Millet İttifakı, bilinen bir gerçeği ilk kez toplu olarak ilan etti;

“Anayasa’ya göre Erdoğan iki kez cumhurbaşkanı seçilmiştir, önümüzdeki seçimlerde aday olamaz.”

Şimdi Erdoğan istediği kadar dalgasını geçsin, “Sizin daha adayınız bile yok” desin, hiçbir yararı yok.

Anayasa çok açık, aday olması mümkün değil.

Ancak Erdoğan, partisinin önde gelenlerinin kışkırtmasıyla da olsa gerek çıtayı yukarı çekmeye ve toplumu daha da germeye çabalıyor.

Pazar günü gençlerle konuşurken bakın ne dedi;

“Ne diyorlardı? ‘Muhtar bile olamaz’ diyorlardı. Ama benim milletim bu kardeşinizi, ağabeyinizi bu ülkede cumhurbaşkanı yaptı. Şimdi 6’lı Masa ne diyor? ‘Aday olamaz’ diyor.
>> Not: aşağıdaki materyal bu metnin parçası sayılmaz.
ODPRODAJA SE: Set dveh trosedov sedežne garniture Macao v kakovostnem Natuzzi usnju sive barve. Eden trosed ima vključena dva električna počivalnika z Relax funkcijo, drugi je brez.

Size rağmen milletim hem aday yapacak hem de cumhurbaşkanı yapacak. Ve tabii o zaman kilonuz da ortaya çıkacak. Bakalım kaç kilosunuz?”
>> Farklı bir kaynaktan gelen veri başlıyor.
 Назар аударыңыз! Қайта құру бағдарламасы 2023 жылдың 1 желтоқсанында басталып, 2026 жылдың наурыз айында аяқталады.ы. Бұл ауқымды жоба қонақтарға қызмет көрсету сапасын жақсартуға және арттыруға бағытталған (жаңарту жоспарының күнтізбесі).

Erdoğan bu sözleriyle Anayasa’yı iyice dibe gömdüğü gibi inanılmaz bir popülizmle “Beni halk aday yapacak” diyor.

Bu nasıl olacak?

Anayasa’ya aykırı bir durumda halk, “Anayasa da kimmiş, biz Anayasa takmıyoruz” diye mi konuşacak?

Böyle bir sistem mi var?

Diyorum ya kimya iyice bozuldu.

Şimdi toplumu germe operasyonları başlıyor.

Hayırlısı.

KAFAMI BOZAN ŞEYLER

Ahlaksızlıkta kitlesel utanmazlık

İstanbul Kartal Adliyesi, dün yine olağanüstü bir gün yaşadı.

Bunan 20 yıl önce 6 yaşındaki öz kızını kendisinden 25 yaş büyük bir adamla evlendiren İsmailağa Cemaati’ne bağlı Hiranur Vakfı’nın kurucusu Yusuf Ziya Gümüşel’in ve damadının yargılanmasına başlandı.
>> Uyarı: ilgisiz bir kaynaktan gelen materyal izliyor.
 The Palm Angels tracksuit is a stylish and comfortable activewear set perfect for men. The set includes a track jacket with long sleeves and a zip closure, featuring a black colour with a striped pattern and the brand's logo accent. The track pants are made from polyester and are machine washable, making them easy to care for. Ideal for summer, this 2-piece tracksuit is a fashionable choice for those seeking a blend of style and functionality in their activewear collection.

Bütün Türkiye’de nefretle karşılanan bu olayın duruşmasının ilk gününde inanılmaz bir rezillik de sahnelendi.

Hiranur Vakfı üyesi ya da gönüllüsü olduklarını söyleyen bir grup adliye önünde pankartlar açarak iğrenç bir gösteri yaptı.

Henüz 6 yaşında minicik bir kızın koca bir adamın koynuna sokulmasını onaylayan bu meczup grup Ziya Gümüşel’in serbest bırakılması için duruşma boyunca sloganlar attı.

Akıllara durgunluk verecek bu rezil gösteride sık sık “Allah’ın adı” anılarak sloganlar da atıldı.

Olabilecek en iğrenç ilişkiye “Allah’ın adını” anarak destek verilebilmesi, böyle insanların varlığı ve büyük cesaretle kamuoyunun önüne çıkabilmesi Türkiye’nin geldiği hazin durumu göz önüne sermiyor mi?

Bİ SORALIM BAKALIM

Sinan Ateş’in katili neden hâlâ yakalanamadı?

Ülkü Ocakları eski Genel Başkanı Sinan Ateş’in ölümünden tam bir ay geçti.

Ama kimliği saptanan katil zanlısı hala yakalanamadı.

Neden?

Bu kişi on binlerce kameranın adım adım izlediği ortamlardan nasıl geçip gitti, nasıl olup da izini yok etti? İçişleri Bakanı Süleyman Soylu nerede, bu konuda neden tek satır bile açıklama yapmıyor?

Muhtemelen bu katil zanlısı bir şekilde korunuyor.

Olayın beklenmedik yerlere uzamasından mı korkuyorlar, orası da meçhul. Bilinen tek şey adamın ortalıkta olmadığı başta İçişleri Bakanı olmak üzere tüm emniyet ve istihbarat birimlerinin bu olayda ortaya koydukları acziyettir.